Task directions
Every line below from the one containing "Состав: Aqua, Centaurea" through the one containing "- Hiệu suất" is to be printed exactly, with the pictures omitted.

Information
>>

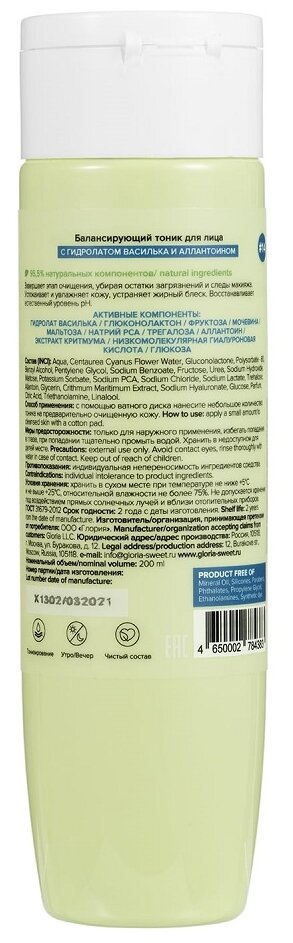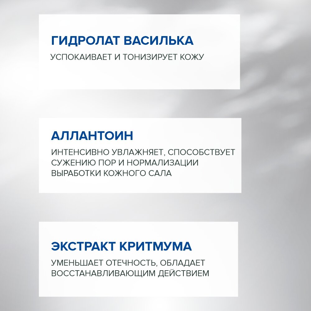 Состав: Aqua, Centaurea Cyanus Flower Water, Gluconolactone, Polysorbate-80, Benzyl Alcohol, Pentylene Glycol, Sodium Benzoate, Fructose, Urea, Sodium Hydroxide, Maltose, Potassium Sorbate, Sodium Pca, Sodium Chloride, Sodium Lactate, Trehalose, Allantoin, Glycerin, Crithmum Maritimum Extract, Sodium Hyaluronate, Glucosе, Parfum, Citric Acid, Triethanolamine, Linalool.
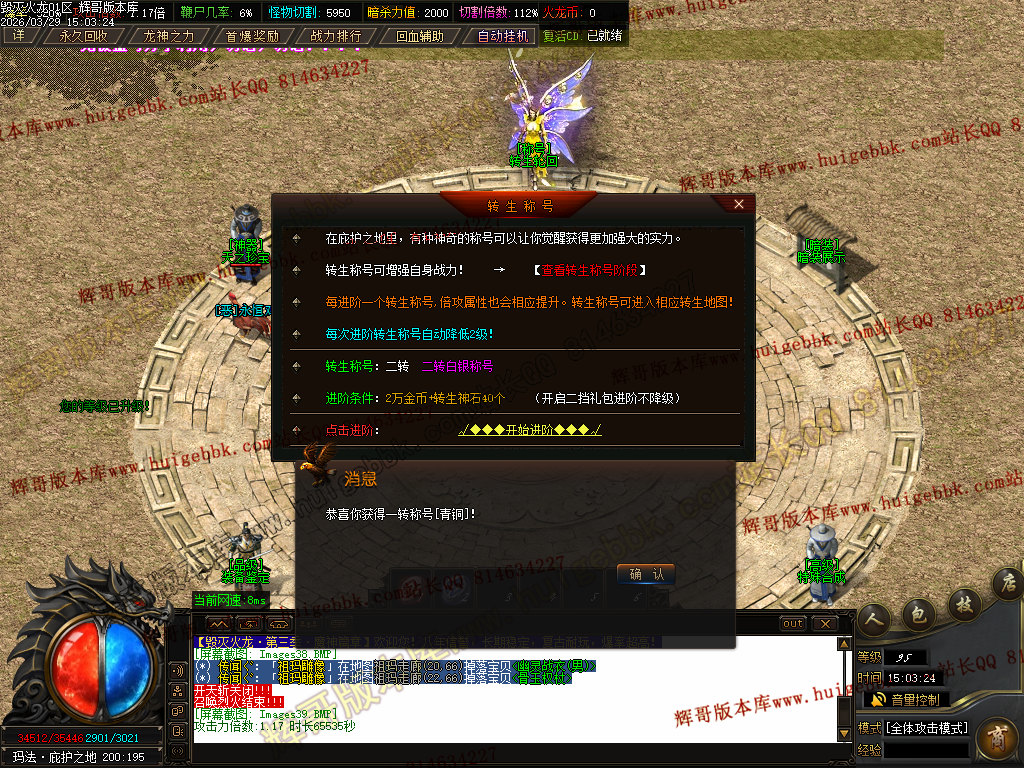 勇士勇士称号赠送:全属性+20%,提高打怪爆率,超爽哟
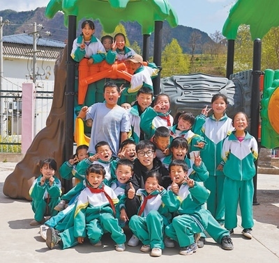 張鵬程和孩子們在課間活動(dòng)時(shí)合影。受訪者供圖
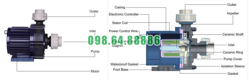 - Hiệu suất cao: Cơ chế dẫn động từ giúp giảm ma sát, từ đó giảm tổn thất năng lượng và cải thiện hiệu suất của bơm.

<<
>>

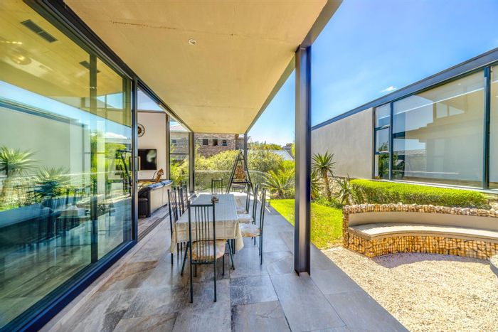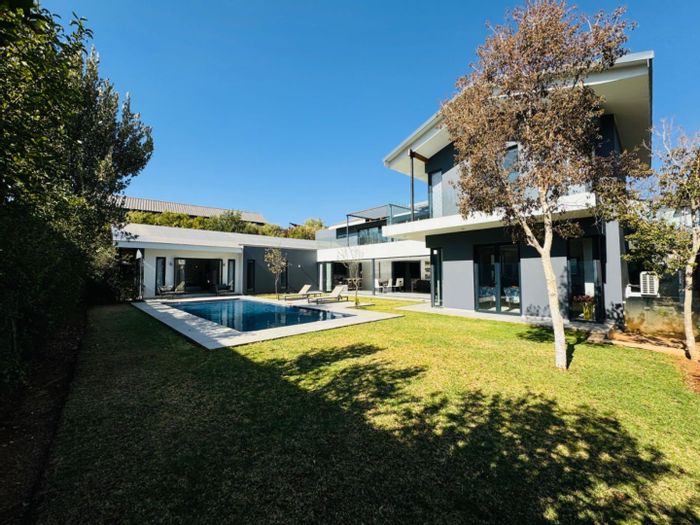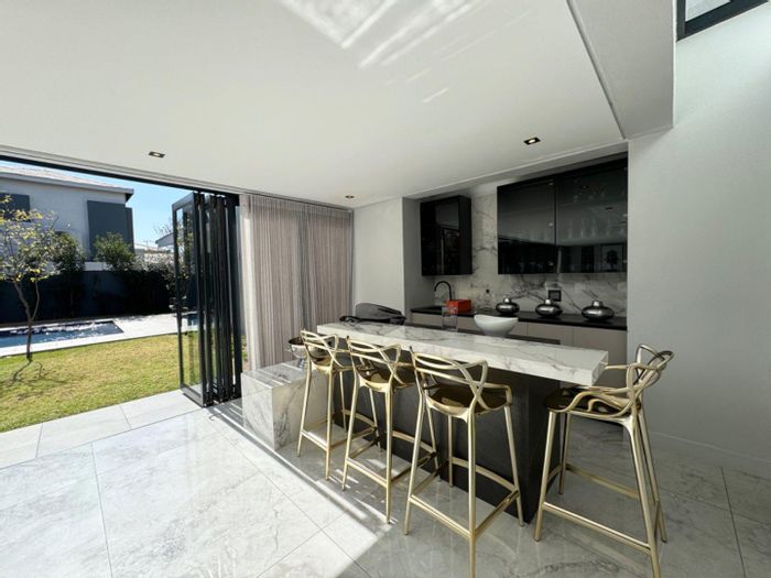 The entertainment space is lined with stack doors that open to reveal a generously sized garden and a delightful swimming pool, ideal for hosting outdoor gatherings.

<<

Written response
 Состав: Aqua, Centaurea Cyanus Flower Water, Gluconolactone, Polysorbate-80, Benzyl Alcohol, Pentylene Glycol, Sodium Benzoate, Fructose, Urea, Sodium Hydroxide, Maltose, Potassium Sorbate, Sodium Pca, Sodium Chloride, Sodium Lactate, Trehalose, Allantoin, Glycerin, Crithmum Maritimum Extract, Sodium Hyaluronate, Glucosе, Parfum, Citric Acid, Triethanolamine, Linalool.
 勇士勇士称号赠送:全属性+20%,提高打怪爆率,超爽哟
 張鵬程和孩子們在課間活動(dòng)時(shí)合影。受訪者供圖
 - Hiệu suất cao: Cơ chế dẫn động từ giúp giảm ma sát, từ đó giảm tổn thất năng lượng và cải thiện hiệu suất của bơm.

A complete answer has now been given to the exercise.